Children’s Poetry: Beyond “Where the Sidewalk Ends”

Children’s Poetry: Beyond “Where the Sidewalk Ends”
Children’s Poetry: Beyond “Where the Sidewalk Ends” Children’s Poetry: Beyond “Where the Sidewalk Ends” Children’s Poetry: Beyond “Where the Sidewalk Ends” Children’s Poetry: Beyond “Where the Sidewalk Ends”

Not to cast any aspersions on America’s most beloved children’s poet, but there is much more to poetry for young people than the great Shel Silverstein.

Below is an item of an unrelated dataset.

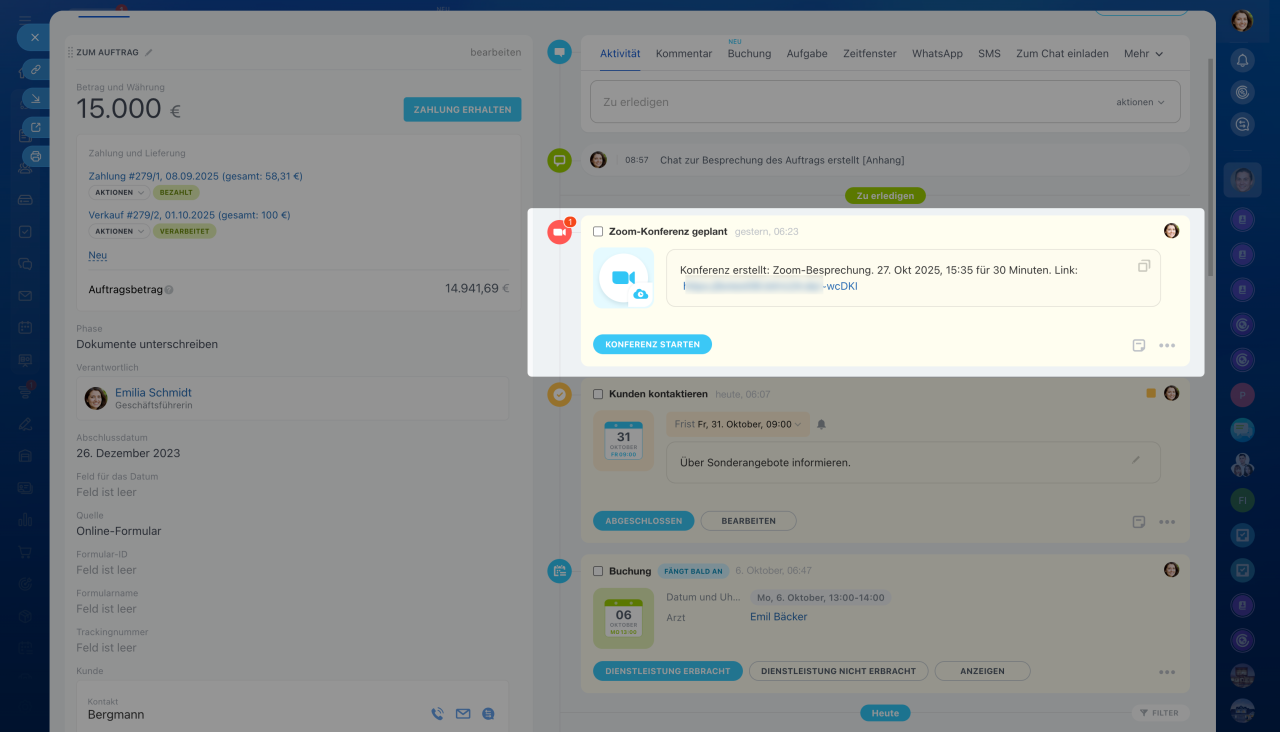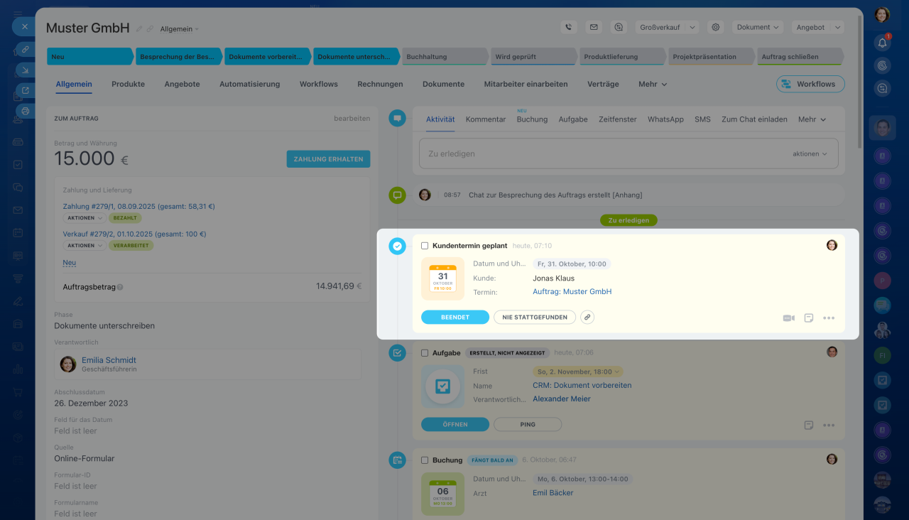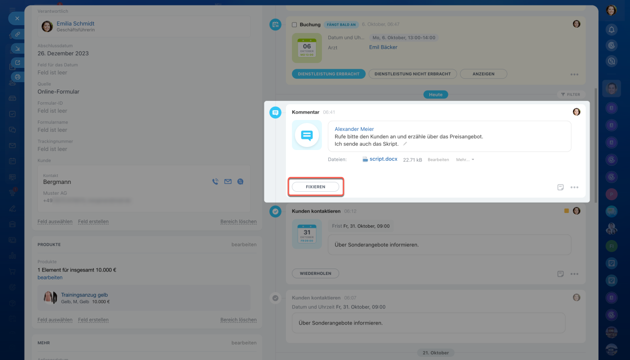 - Die Timeline befindet sich im rechten Bereich des CRM-Formulars. Hier können Sie Kundenaktivitäten planen, Kommentare für Kollegen hinterlassen, Phasenänderungen verfolgen und mehr. Wenn nötig, können die Aktivitäten aus einem CRM-Element in ein anderes verschoben werden.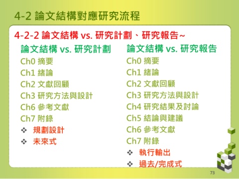 4-2 論文結構對應研究流程 4-2-2 論文結構 vs. 研究計劃、研究報告~ 論文結構 vs. 研究計劃 論文結構 vs. 研究報告 Ch0 摘要 Ch0 摘要 Ch1 緒論 Ch1 緒論 Ch2 文獻回顧 Ch2 文獻回顧 Ch3 研究方法與設計 Ch3 研究方法與設計 Ch6 參考文獻 Ch4 研究結果及討論 Ch7 附錄 Ch5 結論與建議 規劃設計 Ch6 參考文獻 未來式 Ch7 附錄 執行輸出 過去/完成式 73

April is National Poetry Month, and thus a perfect opportunity to explore the wide world of children’s poetry.

From anthologies of works by modern children’s poets to poem picture books to novels in verse, children’s poetry is a wide open and growing genre full of humorous, touching, and imaginative writing that is sure to inspire and delight any child who is exposed to it.

That being said, many adults aren’t familiar with the depth and breadth of children’s poetry out there, so the following are some suggestions of books to explore and enjoy with the whole family. Also, don’t forget to share poetry aloud and to take turns reading, as it gives children the opportunity to find personal meaning in poems as they interact with them.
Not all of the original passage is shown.